Oww! U thought rug burn was bad! Fuckin carseat burn hurts like a mother!!!
Wtf?
Use the slutty part of ur brain.
Just saw actual Chinese people doing a Chinese firedrill. Good day.
i had the all of mcdonalds chanting USA as he motorboated you
For the record, chili cheese fritos are not a chaser.
Restaurants Roasting People Who Gave Them Negative Yelp Reviews (25 Pics)
broke the door off of my fridge tryin to have a indoor rodeo
You kept trying to throw the grocery cart off the balcony.
I can affiliate each flavor of Copenhagen to a different one night stand. I really love Texas.
that was THE gayest party i've ever been to
To be fair, the theme was Cabaret. I don't know what you were expecting.
I think I was the only one who knew you were acting like you weren't drunk in public issues discussion this morning. Make sure you thank me in your Academy Award Speech someday.
Woman Posts Harassing DMs From Creep Online, Now He’s Upset Because People Told His Mom
There's someone howling in the parking lot. Haha.
I just bought a 1/4 oz of pot from a coworker who's old enough to be my grandfather...I'm never leaving Portland.
We had sex while watching the republican debate.
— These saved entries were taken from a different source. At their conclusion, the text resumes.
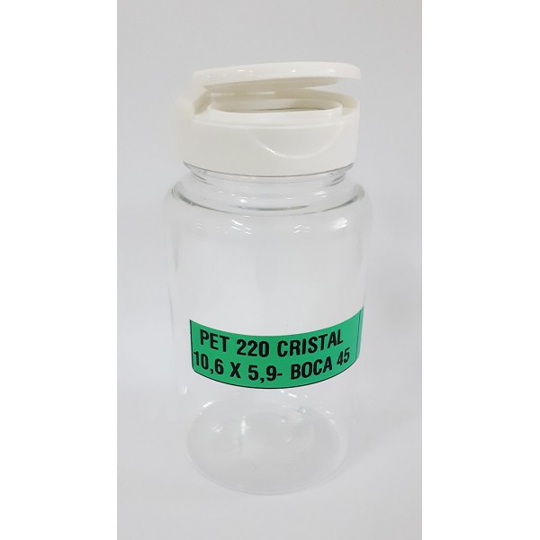 FRASCO FARMACEUTICO PET 220 CRISTAL - TAMPA FLIP BRANCA - PACOTE COM 10 un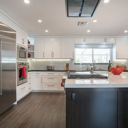 Our Contractors did a great job building the kitchen exactly to our spec. We also took into consideration our clients height and the fact that he has two beautiful dogs which live in the home with him. We decided to redo the entire laundry room to accommodate. We installed all new built in cabinets which also raised the washer and dryer machines to make doing the laundry even easier. Bending over to do your laundry should be a thing of the past!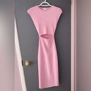Sleek backless-inspired cutout at the midriff. Figure-hugging ribbed knit fabric. Cap sleeve silhouette for a modern look. Soft pink hue for feminine appeal. Ideal for evenings and special occasions.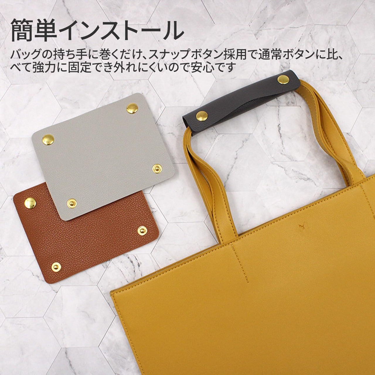 【取り付け簡単】バッグのハンドルに巻きつけるだけ。スナップファスナーで固定します。通常のスナップファスナーよりも強力で、簡単に外れないのでとても安全です。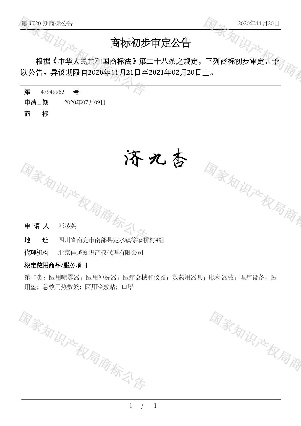1001-医用冲洗器;1001-医用喷雾器;1001-医疗器械和仪器;1001-敷药用器具;1001-眼科器械;1003-理疗设备;1004-医用冷敷贴;1004-医用垫;1004-口罩;1004-急救用热敷袋 - 1720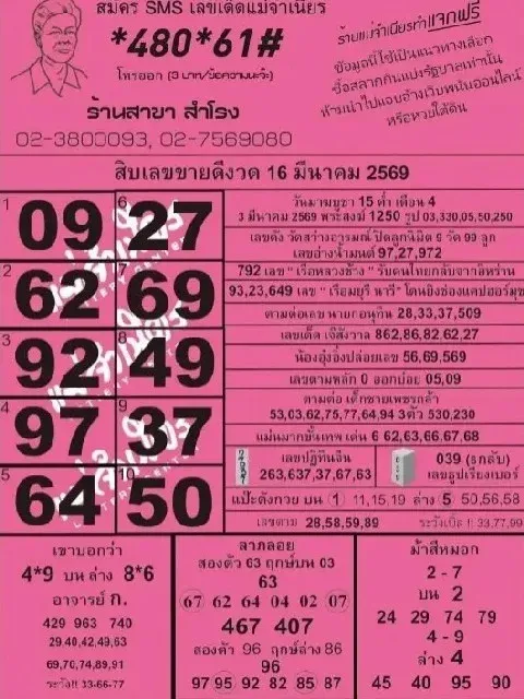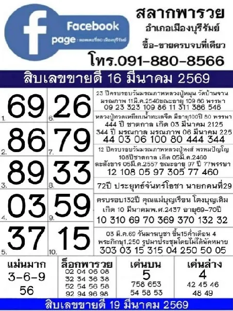 ส่องเลขเด็ด!! มัดรวม 10อันดับ เลขเด็ดขายดี งวดวันที่ 16 มีนาคม 2569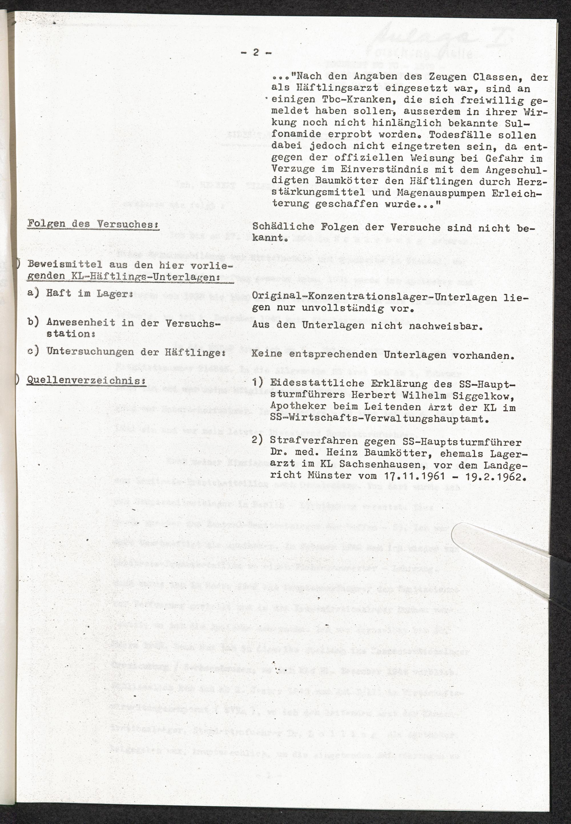 Pseudo-medizinische Versuche im KL Sachsenhausen : Behandlungsversuche an Tbc-Kranken / Internationaler Suchdienst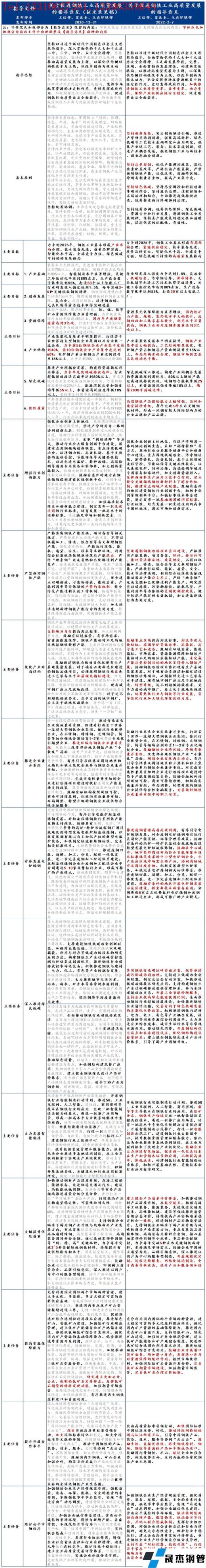 對(duì)于《指導(dǎo)意見》的理解,首先要明確的是,《指導(dǎo)意見》是在2020年12月31日工信部發(fā)布的《關(guān)于推動(dòng)鋼鐵工業(yè)高質(zhì)量發(fā)展的指導(dǎo)意見(征求意見稿)》(以下簡(jiǎn)稱《征求稿》)的基礎(chǔ)上,經(jīng)過一年多時(shí)間收集業(yè)內(nèi)專家學(xué)者、各地鋼鐵行業(yè)協(xié)會(huì)、主要無縫厚壁鋼管廠家等反饋內(nèi)容,并結(jié)合《“十四五”原材料工業(yè)發(fā)展規(guī)劃》(以下簡(jiǎn)稱《原材料規(guī)劃》)以及《“十四五”節(jié)能減排綜合工作方案》(以下簡(jiǎn)稱《節(jié)能減排》)內(nèi)鋼鐵行業(yè)相關(guān)條例整合而成的,對(duì)于目前的中國(guó)鋼鐵行業(yè)而言,《指導(dǎo)意見》具有“錨定”的重要地位。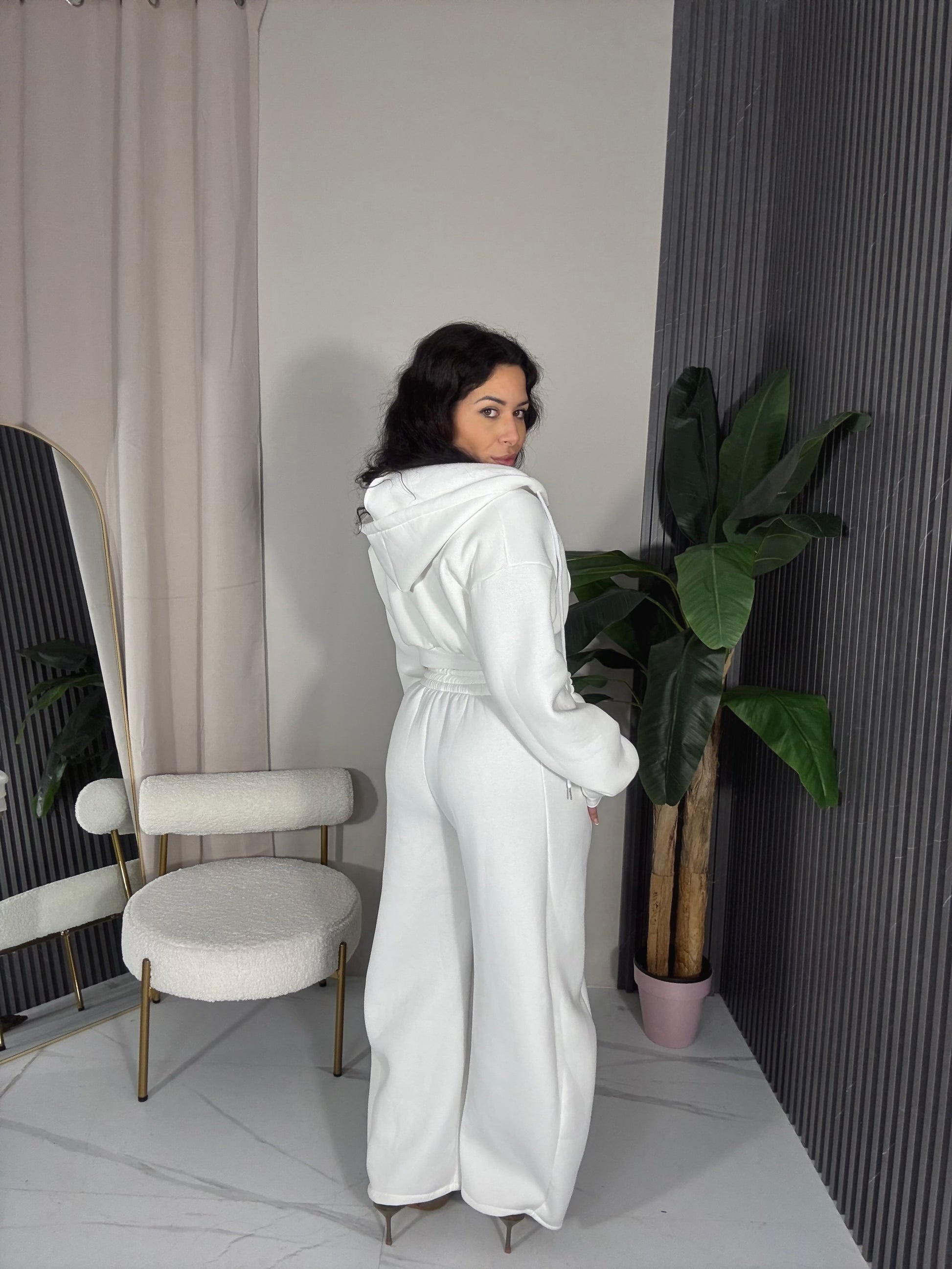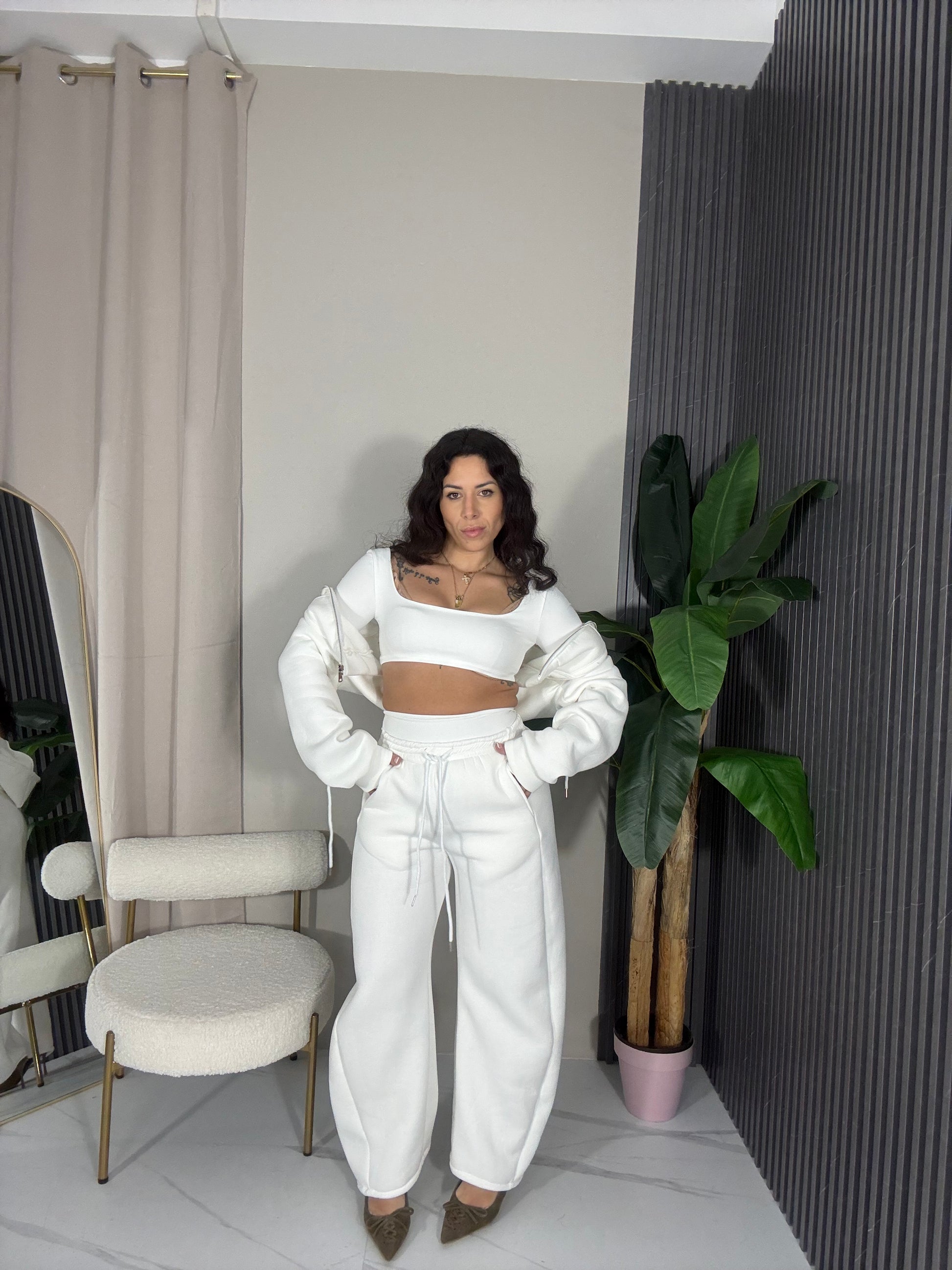 Completo tuta 3 pezzi pantalone balloon con elastico in vita, top corto elasticizzato con manica lunga a manicotto e felpa Ciro con cerniera e cappuccio.

I'm not sure how he maintained an erection watching Donald Trump speak.
Like I said, all hypothetical...unless, of course, you'd be into that. My heart may skip a beat.
Being an adult is fun. You can experience a break up, then go fuck someone else in the woods.
Got pulled over today for going 90 in a 40 zone with my leg out of the window. Still got out of the ticket. I'm getting way too good at this. Wanna trade bodies so we can see if it's my boobs or my charm?